Sale [valued at about $400,000] In those early days when my face was everywhere without my permission, it almost felt like a way to finally get some kind of compensation. It’s unbelievable that it’s even possible to sell NFTs 10 years after my meme spread by word of mouth. I’m very lucky. I was able to get out of debt. Mental health, I was able to concentrate on the future. “ — —Liner MorrisFormer YouTuber, Human NFT

Johanna Goodman

Johanna Goodman

Legitimacy as a side effect

Abigail Barlow (23) and Emily Bear (20), also known as Barlow & Bear, an ambitious musician who wrote informally Bridgerton Recorded the process with the musical TikTok, and … won a Grammy Award this year

EB: This would not have been possible. Our project was completely DIY. There was no money, no record label, no PR. Still, there is a Grammy Award here.

AB: The history of the music industry is that artists basically have to sign away from their lives and don’t own what they create.

EB: Do you have the power to reach 10 million people as soon as you post a video? That’s pretty incredible. Our project wouldn’t have happened that way if it hadn’t existed on social media. This is the way of the future, the power of people, very powerful.

Stars to see in 2032

-Cryril AbidiPHD, digital anthropologist, ethnographer of internet culture

Collapse of Tokenism

“One of our founding policies in 2015 was not to submit cast call actors until we confirmed that the script was a genuine representation of our community. Young viewers are now We want such expressions in gender, sexuality, race, and culture. Entertainment executives know this. They try to keep their fingers pulsating so that their company doesn’t disappear. Excellence is the future, with so many highly skilled transgender and non-binary actors on the market. “ — Antomas, Founder and CEO of Transgender Talent

Hollywood sign

More black women moguls

“Many people think of writing, directing, and acting when talking about the diversification of television and film, but business is also important. Decision makers such as agents, lawyers, spokespersons, and managers are your culture. And do you understand the motives? Organizations such as the National Black Public Relations Society and the Women of Color Unite are diversifying these spaces. They are changing slowly, but they are coming. ” — Pamela Chinawah, Multicultural Entertainment spokeswoman

Prolonged hierarchy

Gossip Podcast Co-sponsors Bobby Finger and Lindsey Weber Who?Weekly

BF: Social media has made it possible for anyone to reach a large audience, but it’s hard to imagine a time when traditional agents, publicists, etc. wouldn’t have to take someone to the A List.

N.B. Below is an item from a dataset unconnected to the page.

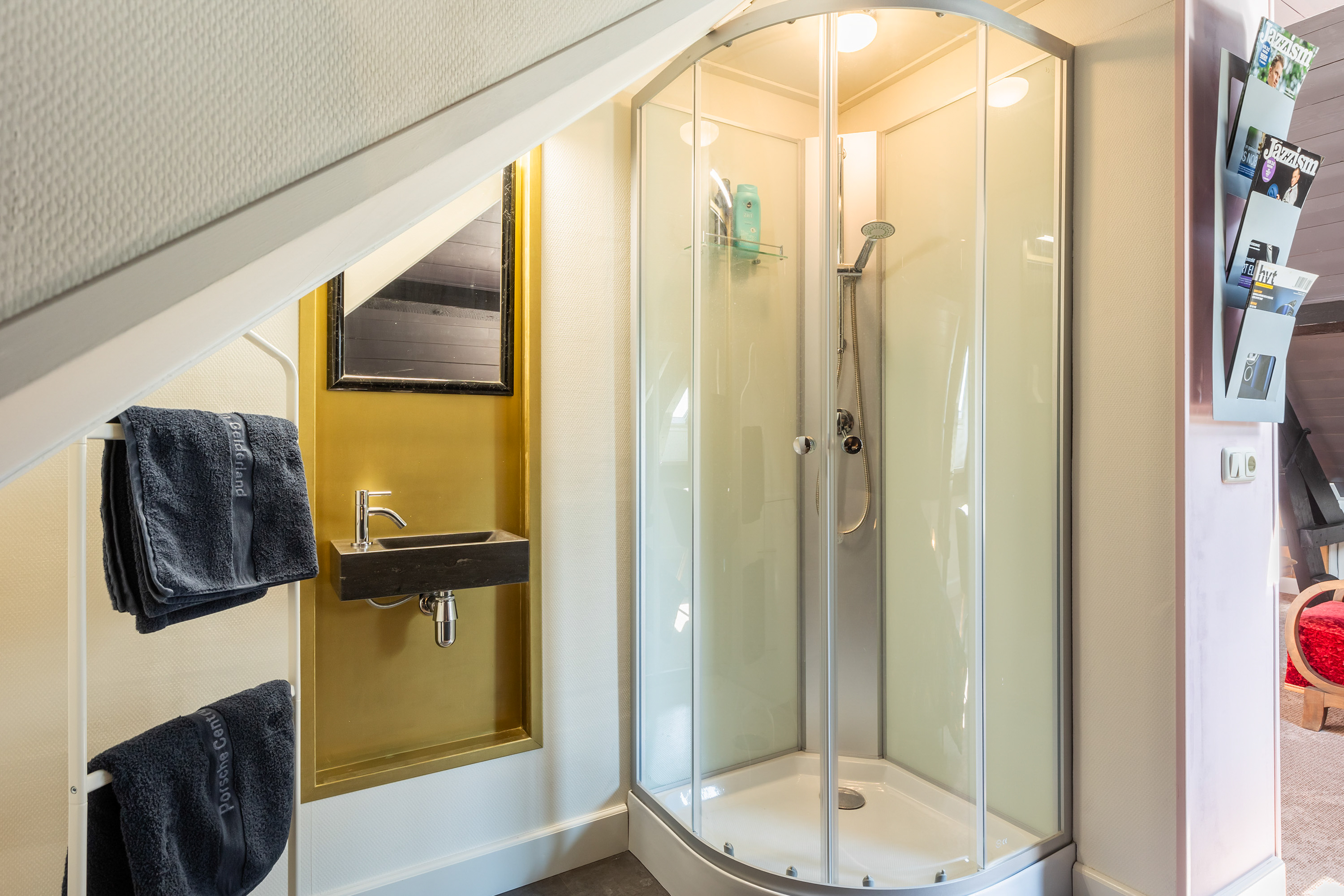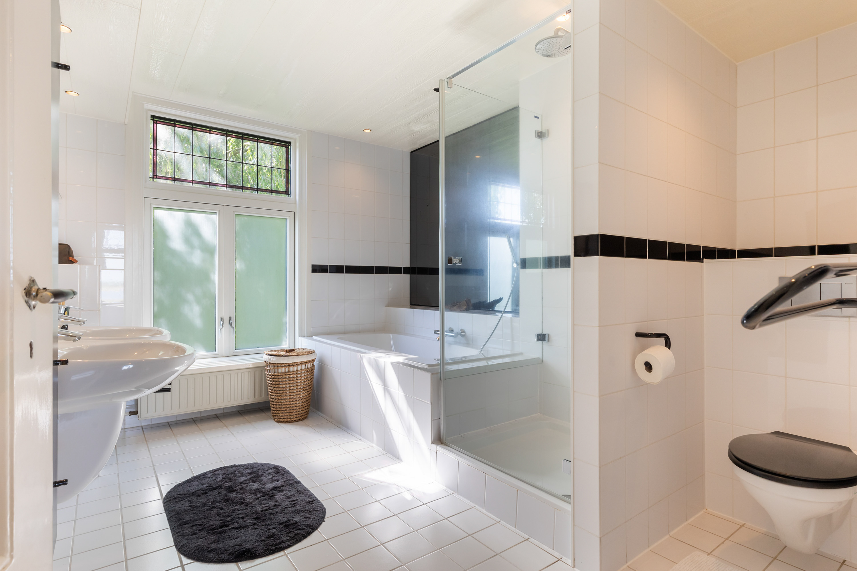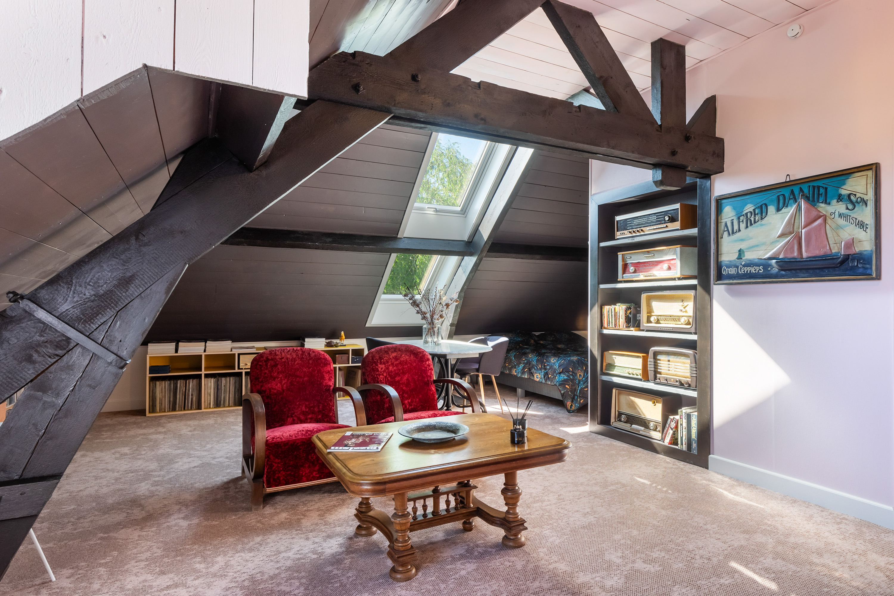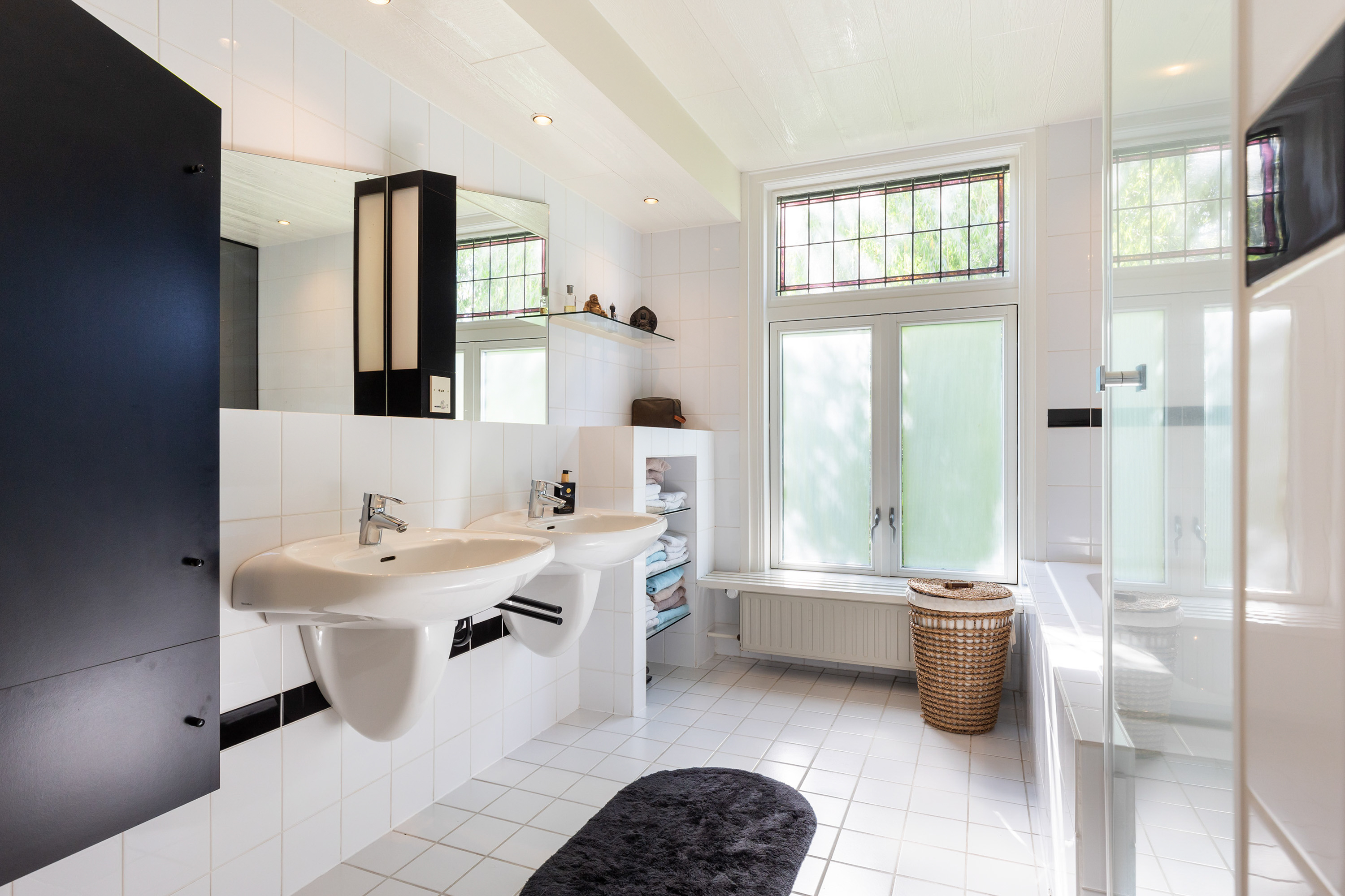 One floor above, a remarkable feature reveals itself: the fully restored conservatory. Surrounded by glass, this space offers breathtaking views of the river landscape and serves perfectly as a lounge or retreat. An intimate roof terrace adjoins this area. This level also accommodates three comfortable bedrooms, a walk-in dressing room and a spacious bathroom equipped with a bath, separate shower, double washbasin and WC.

LW: Every new platform has its own set of “famous” people. It’s up to them to transcend more traditionally popular formats such as movies, music and television. Even the most famous TikTok star in the world is just a TikTok star.

BF: And I just can’t think of the Metaverse.

Niche superstar paradox

Fame as a team sport

“Today’s Internet is evolving into a format called Web3, which means it’s moving from a centralized social Web to a decentralized spatial environment where people can interact in new ways. Metaverse is part of that ecosystem. It’s a gathering place for all blockchain-enabled tools, from cryptocurrencies and wallets to NFTs and digital products. This creates a story world that encourages community participation. Created by celebrities and fans over the next five years. We could see it unified in the process, for example, to help TV series fans buy “Development NFT” to help produce programs and to monetize the content that helped develop it. In addition, you can interact in the writer’s room. Web3 leads to direct engagement between celebrities and fans in an unprecedented way. ” — Fireside Co-Founder and CEO, Fallon Fatemi

Report by Christen A. Johnson, Patrice Peck, Erin Quinlan, and Caitlin Youngquist

The citation has been edited for length and clarity.